Abiyuch provides a good source of iron, manganese, potassium, fiber and vitamin C

The edible fruit of a tropical flowering tree of the same name. Abiyuch provides a good source of iron, manganese, potassium, fiber and vitamin C.

A tropical Asian and African flowering tree, Crateva religiosa, of the caper family.

Information

Other names: Capparis spinosa, sacred garlic pear and temple plant
Translations: Абииуцх

Tasting Notes

Flavors: Spicy
Mouthfeel: Sharp
Food complements: Use as condiment

Selecting and Buying

Choosing: Fresh looking and smelling
Buying: Hard to find. Try Asian and African markets.
Procuring: The flower buds are harvested in the early morning and wilted before pickling them in white vinegar.

Preparation and Use

The flower buds are pickled and used as a flavouring in sauces, salads etc. The young fruits and tender branch tips can also be pickled and used as a condiment.

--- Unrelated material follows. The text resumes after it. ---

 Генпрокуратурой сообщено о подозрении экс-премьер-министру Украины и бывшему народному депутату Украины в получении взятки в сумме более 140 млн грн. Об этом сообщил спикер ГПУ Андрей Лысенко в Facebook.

The flower buds are harvested in the early morning and wilted before pickling them in white vinegar. Young shoots – cooked and used like asparagus.

It is used internally in the treatment of gastrointestinal infections, diarrhoea, gout and rheumatism. Externally, it is used to treat skin conditions, capillary weakness and easy bruising.

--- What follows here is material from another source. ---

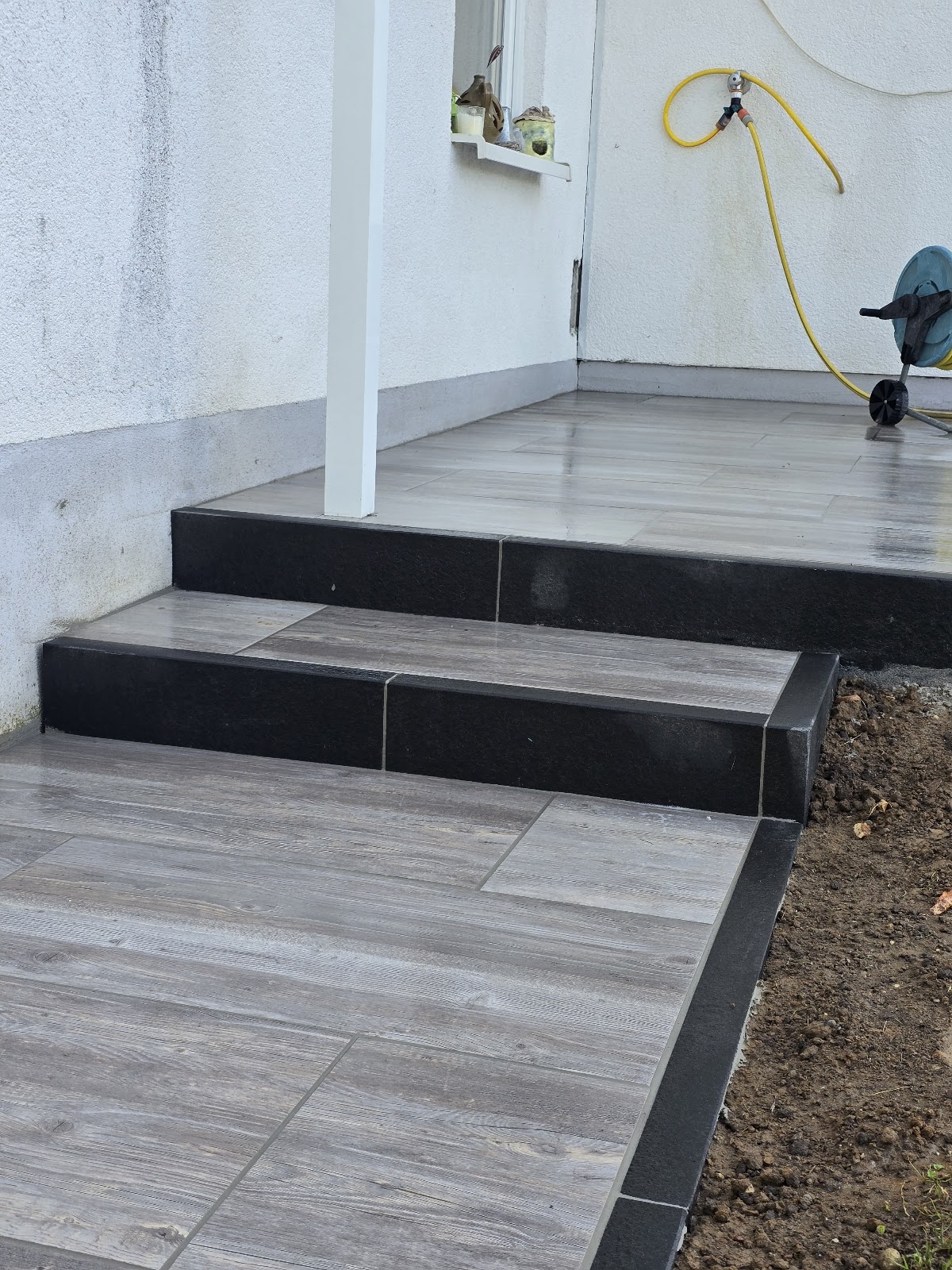 Wir hatten eine 21qm Terrasse zu fliesen. Allerdings mit Platten in der Größe 1mx1m, also ein sehr großes Format für den Außenbereich. Um das ganze noch zu erschweren mussten 2 Säulen ausgeschnitten werden. Wir sind vom Ergebnis begeistert! Es wurde sehr gut und sehr schnell gearbeitet. Das Team ist mega gut auf unsere Wünsche eingegangen. Hätte das Wetter mitgespielt wäre der Auftrag in 3 Tagen erledigt worden. Die Platten wurden in Drainagebeton gelegt und mit einer super 2K Fuge versehen. Es sieht klasse aus denn die Beratung durch Herrn Gashi, bzgl. Material und Farbe, war optimal! Unseren Hof ließen wir dann auch noch mit der speziellen 2K Fuge verschönern. 😃 Vielen Dank für die tolle Arbeit.

An extract of the root is used as a cosmetic and is particularly useful in treating rose-coloured rashes and capillary weaknesses.

Conserving and Storing

Fresh in refrigerator.

Social/Political

A tropical Asian and African fruit.

History: It is said to be native to the Mediterranean basin, but its range stretches from the Atlantic coasts of the Canary Islands and Morocco to the Black Sea to the Crimea and Armenia, and eastward to the Caspian Sea and into Iran. Capers probably originated from dry regions in west or central Asia. Known and used for millennia, capers were mentioned by Dioscorides as being a marketable product of the ancient Greeks. Capers are also mentioned by the Roman scholar, Pliny the Elder.